Mental illness and stress have become more common among college students now more than ever due to the COVID-19 pandemic.

TCC has moved to online classes because of the coronavirus for the fall semester, and many students are facing new stressful challenges every day trying to keep up with the new social norms.           

“My mental health is not doing well because I’m under stress,‘’ SE student Christina Wells said. Although she has not reached out to a counselor for help, Wells said she’s searched for online ways of releasing stress instead.

“YouTube has been kind of a big help as it takes my stresses off my mind, and going outside to sit and relax in the elements,” Wells said.

To speak to a TCC counselor, students can just go to their Blackboard account and click the online academic advising tab.

SE student Wala Omer, president of the Muslim Student Association, said she has reached out to students like Wells who are having troubles coping with their transition into online courses.

Omer said the MSA sent out a letter to students saying that they are there to help.

“We are reaching out to you to let you know if anyone needs help with anything, we are here,” the letter said. ”If you need a laptop or are having any difficulties with this transition, email me back, and I’ll do my best to accommodate you.”

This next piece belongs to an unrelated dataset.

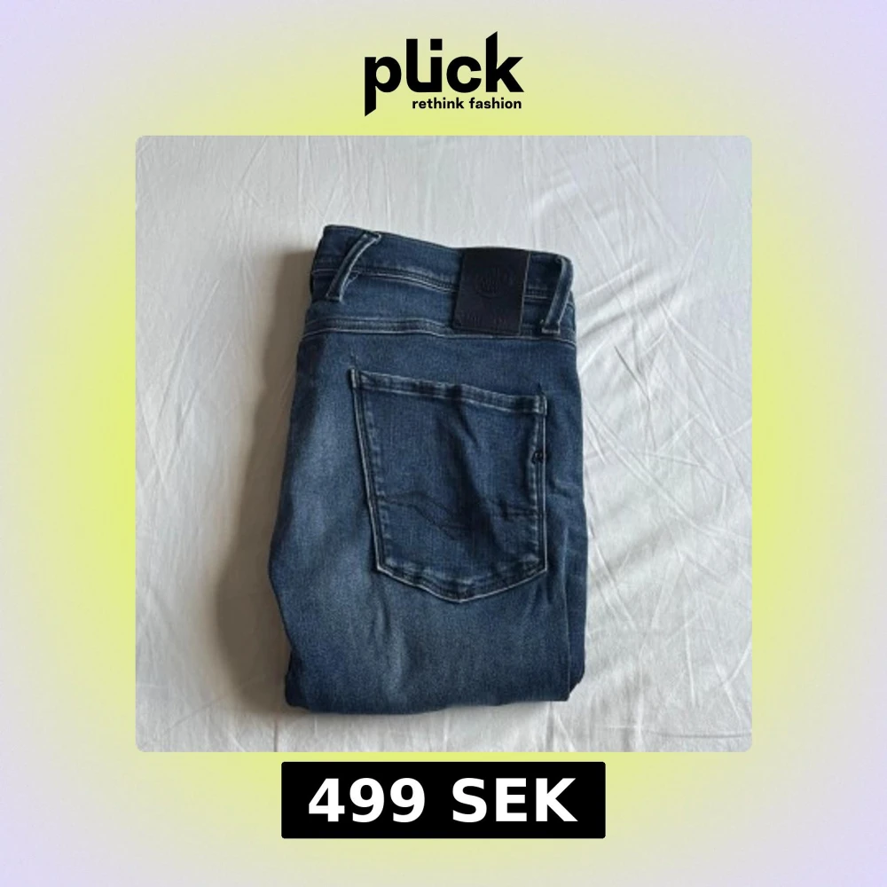 Snygga blå replay anbass jeans. Storlek W32 L34. Slim fit. Extremt bra skick inga defekter. Skriv vid funderingar!
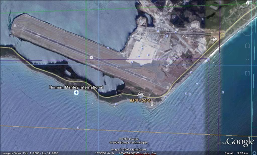 Voici une vue aérienne de l'aéroport Norman Manley de Kingston :

Mental stress is real, and it is affecting so many people, Omer said. 

SE Counselor Divya Patel, said she hasn’t noticed a larger number of students who’ve sought her help now compared to before the college closed.

“Student traffic during the temporary remote services has been very consistent and comparable to on-campus services,” she said. “It has been busier right now due to the summer and fall 2020 registration as well as students’ stress levels increased due to the sudden change to online courses and other struggles such as financial stresses due to COVID-19.”

Patel said she hasn’t seen that students are struggling more to open up during online counseling sessions.

“Students have been more vocal and open about what’s going on in their struggles and have been able to reach out to the counseling center,” Patel said. “This may be due to being more comfortable in their environment while speaking with a counselor.”

Counselors are providing individualized resources to students and referrals to students who need extra help, Patel said.